Wien. Es hat ein Weilchen gedauert, aber nun ist es soweit: Das Gericht der Europäischen Union hat der Anglo Austrian AAB Bank, früher Meinl Bank, die Erlaubnis entzogen, Bankgeschäfte durchzuführen. Eine aufschiebende Wirkung wurde nicht gewährt, die Bank hat unverzüglich ihre Lizenz verloren.

Die AAB darf kein bankmäßiges Neugeschäft mehr machen, keine neuen Einlagen nehmen und auch keine Kredite mehr vergeben. In nächster Zeit wird sie auch von bestehenden bankentechnischen Systemen abgekoppelt werden, was Kunden etwa bei Bankomatfunktionen merken werden. Die Gesellschaft muss ihr bestehendes Bankgeschäft so rasch wie möglich abwickeln. Die Einlagen müssen an Kunden ausgezahlt werden. Kredite werden bei Abwicklungen in der Regel an eine andere Bank übertragen oder verkauft.

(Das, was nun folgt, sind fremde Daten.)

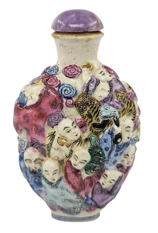 Antique Chinese Moulded Porcelain 18 Arhats Luohan Snuff Bottle Qing Late 18c
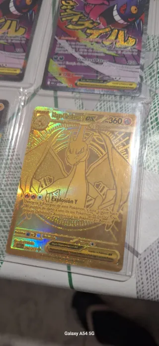 Carta Pokémon Mega Charizard Y EX dorada. - Ataque Explosión Y con 280 puntos de daño. - Habilidad Regla Megaevolución EX. - Dos mismas cartas, se pueden vender juntas o por separado. No compres anuncio, si compras mando energía, escucho ofertas serias.
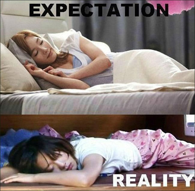 上圖是韓國少女時代組合隊長泰妍的床具廣告照與生活中睡照的對比,泰妍在廣告中的睡姿,端莊有氣質,宛如乖巧的貓咪,十分恬靜。而現實生活中的睡姿則是四仰八叉地爬在床上酣睡,原來在現實生活中,“女神”其實是“屌絲”。
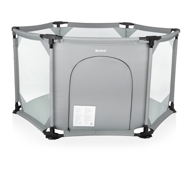 Je kindje kan in alle veiligheid en comfort spelen de Giocco box van Baninni. Dit zeshoekige parkje heeft een stevig aluminium frame en is makkelijk op te stellen in de woonkamer of babykamer. Het Giocco parkje is voorzien van een luikje met rits voor een makkelijke toegang. Dankzij het gaas aan de zijkanten kan je langs alle kanten je kindje in de gaten houden. Onderaan de Giocco speelbox bevinden zich zuignappen voor extra stabiliteit. De polyester bekleding kan gewassen worden op 30°. De Giocco box is enkel geschikt voor gebruik binnenshuis.In het lichtgrijze Giocco speelpark heeft je kleintje voldoende ruimte om te spelen of te rusten. Zo heeft het babyparkje een binnenzijde van 125 cm breed. Het parkje is 72 cm hoog. De Giocco box van Baninni is geschikt voor kinderen vanaf 5 maanden tot 3 jaar oud.Op zoek naar een veilig speelparkje voor je kindje? Bekijk alle parken en boxen op onze webshop!

Die Bank hatte schon vor dem Lizenzentzug erklärt, sich schrittweise aus dem Bankgeschäft zurückziehen zu wollen. Wie lang die jetzt anstehende Abwicklung (Liquidation) dauert, ist nicht bekannt. Es könnte ein bis zwei Jahre dauern. Ziehen könnten sich auch etwaige Berufungsverfahren.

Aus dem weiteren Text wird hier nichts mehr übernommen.